Goldberg berpendapat bahwa sanksi terhadap jaksa mungkin tidak cukup untuk menghalangi Khan melanjutkan kasus terhadap Netanyahu dan memperingatkan ketua ICC mungkin memandangnya sebagai “lencana kehormatan.”
Goldberg mengatakan menurutnya anggota parlemen harus mempertimbangkan untuk menuntut ICC secara keseluruhan daripada jaksa secara individu kali ini.
“Mengancam sanksi terhadap individu yang terlibat dalam skema tidak sah untuk mendakwa tentara Amerika atau Israel adalah satu hal, namun menggunakan sanksi sebagai alat untuk memutus akses ICC terhadap dana adalah hal lain,” katanya kepada Fox News Digital.
KLIK DI SINI UNTUK MENDAPATKAN APLIKASI FOX NEWS
“Saya pikir negara-negara seperti Jepang dan Jerman akan memberikan tekanan besar pada ICC untuk mundur jika mereka berpikir bank-bank mereka mungkin terkena sanksi karena mengirimkan uang ke ICC,” tambahnya.
Keputusan pengadilan mengenai surat perintah penangkapan biasanya diambil dalam waktu tiga bulan, menurut Reuters, meskipun masih belum jelas kapan panel akan mengambil keputusan.
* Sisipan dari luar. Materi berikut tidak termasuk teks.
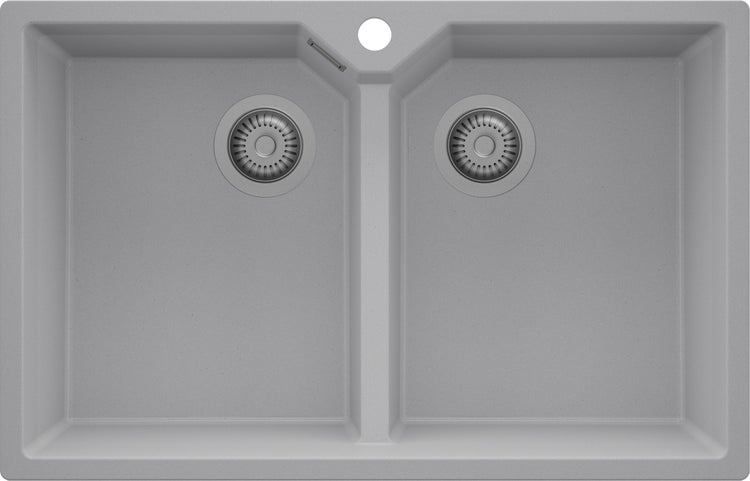 PRIMAGRAN Spülbecken Grau 78x50cm, Granitspüle 2 Becken + Ablauf-Set, Küchenspüle ab 80er Unterschrank - Madrid Twin
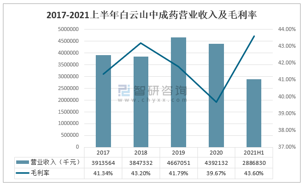 白云山是全國最大的制藥企業集團之一。其中2021上半年白云山中成藥營業收入為2886830千元,毛利率為43.6%。

Terakhir kali Kamar Pra-Peradilan ICC diminta mengambil keputusan mengenai penerbitan surat perintah penangkapan seorang pemimpin pemerintah adalah ketika permohonan diajukan terhadap Presiden Rusia Vladimir Putin pada Februari 2023. Panel tersebut mencapai keputusan dalam waktu satu bulan dari permohonan yang telah diajukan.